Mécontent des récents choix du gouvernement en matière informatique, Jean-Jacques SERVAN-SCHREIBER vient d'annoncer sa décision de l'organisme qu'il présidait.

Coup de tonnerre dans le ciel informatico-politique. L'ex-directeur de l'Express/président du Parti radical/député de Nancy/ministre des Réformes), après avoir trois ans de suite instillé aux sphères politiciennes le virus micro processorien va devoir une nouvelle fois élargir le format de sa carte de visite. Le voilà « ex-président du Centre mondial informatique », depuis hier au soir.

L'ancien pilote de chasse de la deuxième Guerre mondiale vient en effet de larguer à François Mitterrand, une démission qui se veut une petite bombe. « Je me suis permis de vous informer le 31 décembre dernier par lettre personnelle, de mon intention de ne pas demander le renouvellement de mon mandat à la tête du C.M.I. [...] Mes appréhensions d'alors sur les choix gouvernementaux dans le domaine délicat et crucial, de l'informatique sociale n'ont fait que s'aggraver. En particulier, à l'occasion du projet de Réseau d'ateliers populaires ». Voilà de ces formules carrées qu'on aura soin d'apprécier à Matignon. Mais Laurent Fabius en annonçant le 25 janvier dernier son plan Informatique pour tous ne s'attendait certainement pas à recevoir les remerciements schreiberiens.

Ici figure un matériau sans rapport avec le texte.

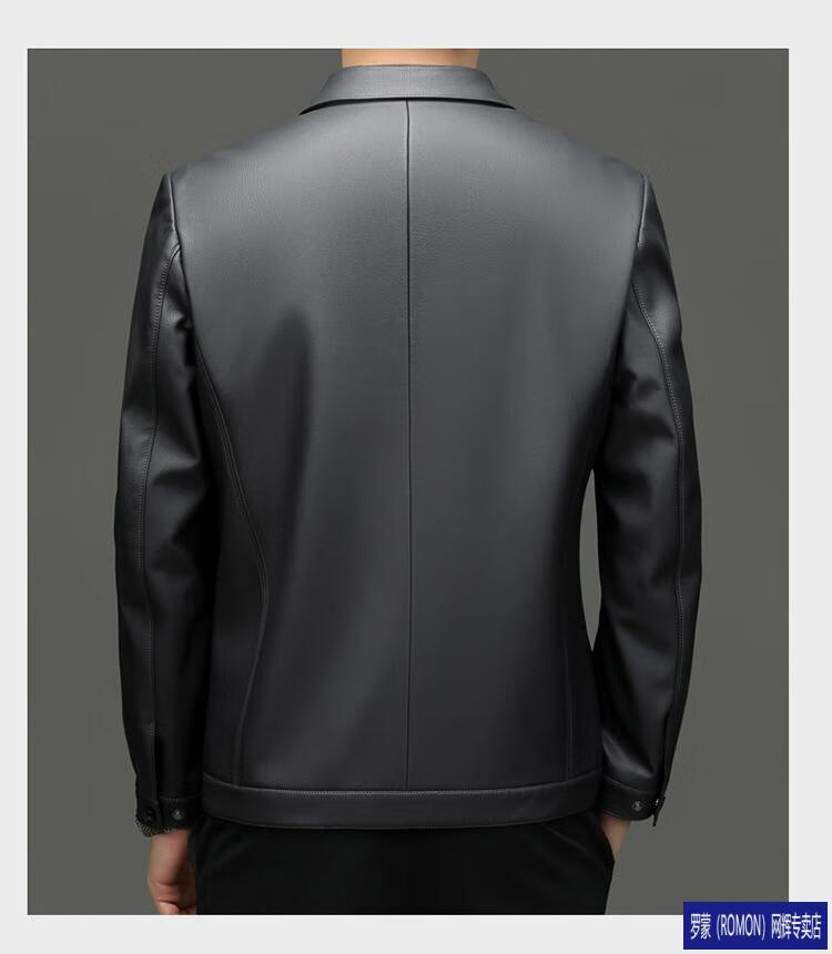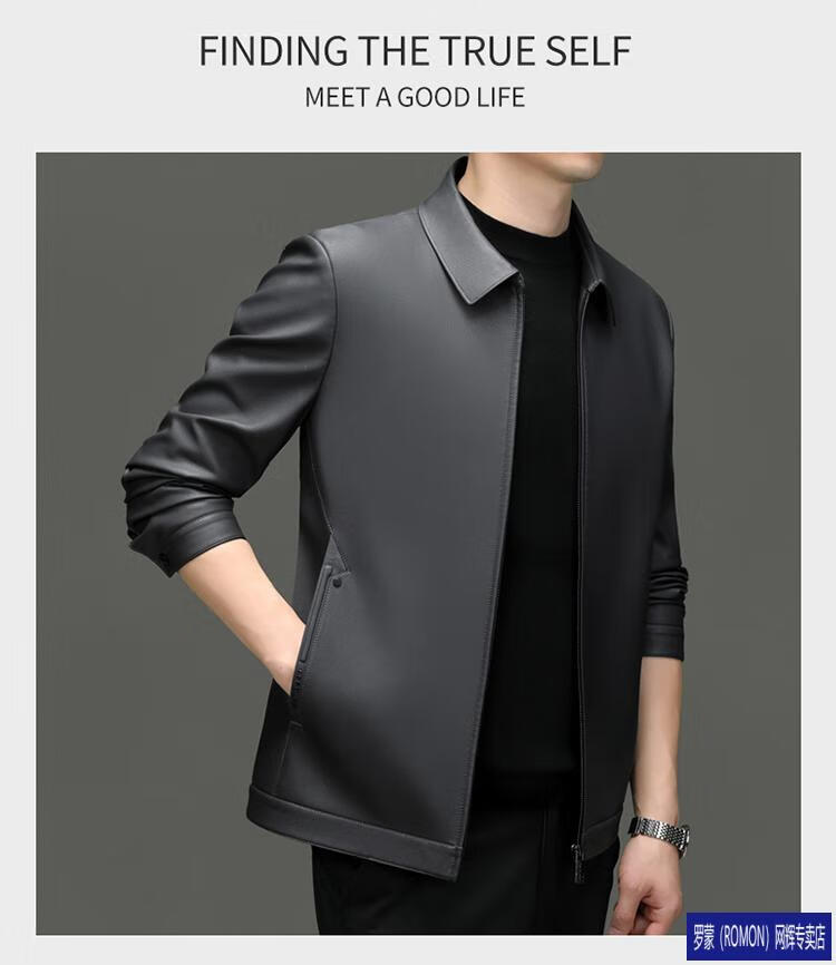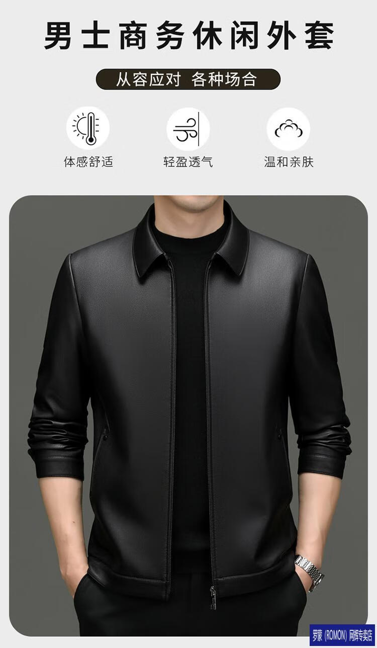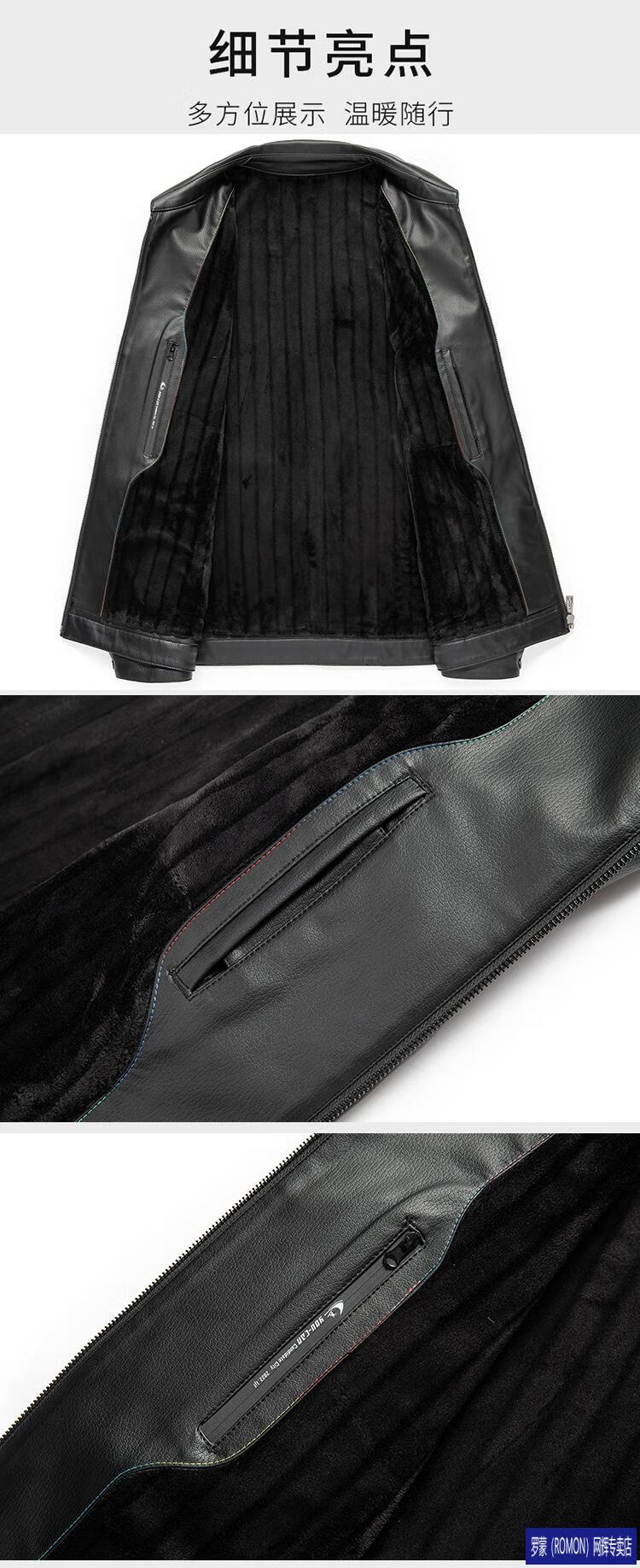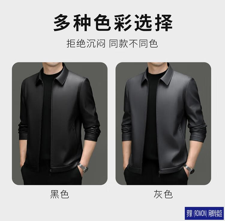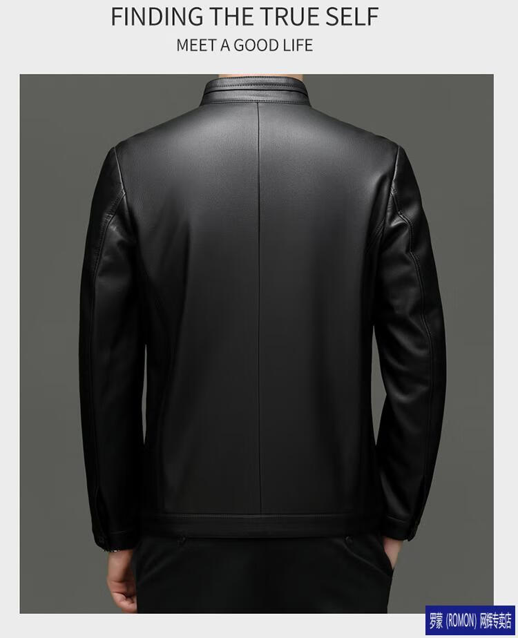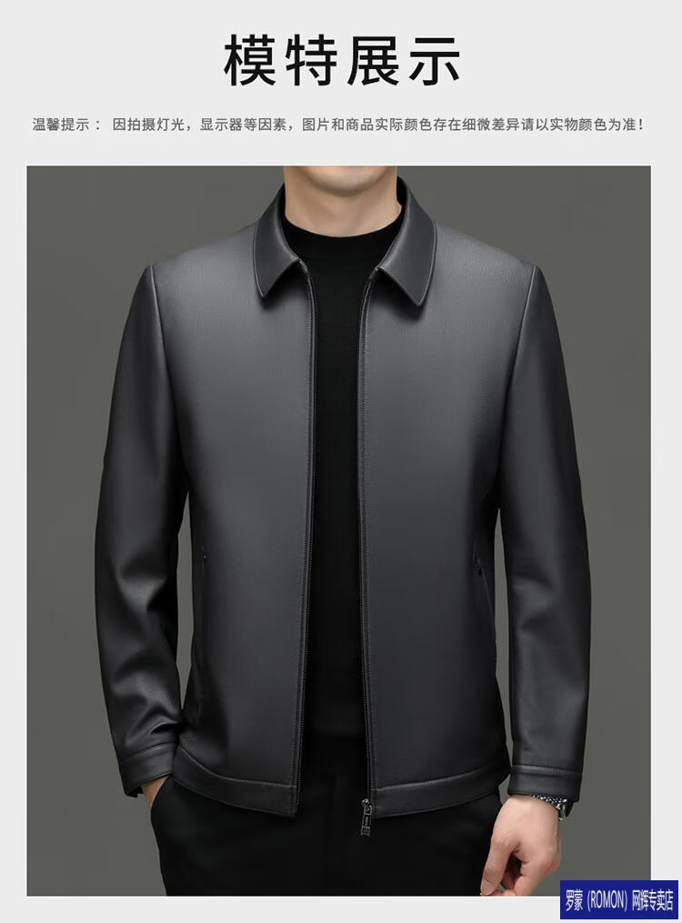 罗蒙(ROMON)皮衣男加绒加厚2026秋冬季机车绵羊皮皮夹克男皮外套爸爸装 单皮翻领黑色 3XL 190 建议175-190斤

« Fabius ne l'a même pas invité, quand il a annoncé son plan, commente t-on, acerbe, au Centre Mondial. Il est vrai qu'il a peur que JJSS lui fasse de l'ombre » (sic). Mais après tout, le mouvement brownien des particules cérébrales de l'auteur du Défi Mondial fait en général assez d'étincelles pour qu'un Premier ministre lui emprunte du feu. Ce qu'il n'a en revanche pas apprécié, c'est la mesquinerie du plagiaire. Car JJSS envisageait l'achat de 250 000 micro-ordinateurs Macintosh (Apple) pour 25 000 ateliers informatiques, quand Fabius n'en a accordé que 100 000, et de surcroît, français. Thomson et Bull auront apprécié le cadeau matignonesque. Le Centre Mondial, lui, fulmine : « On ne forme pas quelqu'un avec un TO.7. Apprendre le basic aux enfants est aussi utile que leur faire étudier le vieux français ». Reste le problème de coût : le projet schreiberien coûtait deux fois et demi plus cher que le plan fabiusien.

Les finances, éternel problème de ce trublion inspiré. L'auteur de Ciel et Terre est sans doute un peu trop resté dans les limbes, et la Cour des comptes mijote justement un rapport sur les finances du centre qui dit-on, jette quelques nuages sur le bilan de ces trois années, en matière de frais de réception et de voyage Alors même que le Centre etait sous la tutelle des PTT, Jean-Jacques avait, comme Rousseau, la fâcheuse tendance d'abandonner un peu vite ses « enfants » à la garde des autres. Les services de l'Agriculture, des Armées, de l'Éducation nationale, avaient notamment hérité de projets impulsés par le Président du C.M.I., dont ils devaient par la suite assurer ensuite les dispendieux frais de nourrice.

La protection très bienveillante de Gaston Defferre, par la suite, n'avait pu empêcher la nomination d'un administrateur aux comptes. Pas plus que les contacts fréquents avec François Mitterrand séduit par cette boite à idées, n'ont pu lui donner raison face à Laurent Fabius. Entre ces deux fils spirituels post-modernes, le Président a tranché.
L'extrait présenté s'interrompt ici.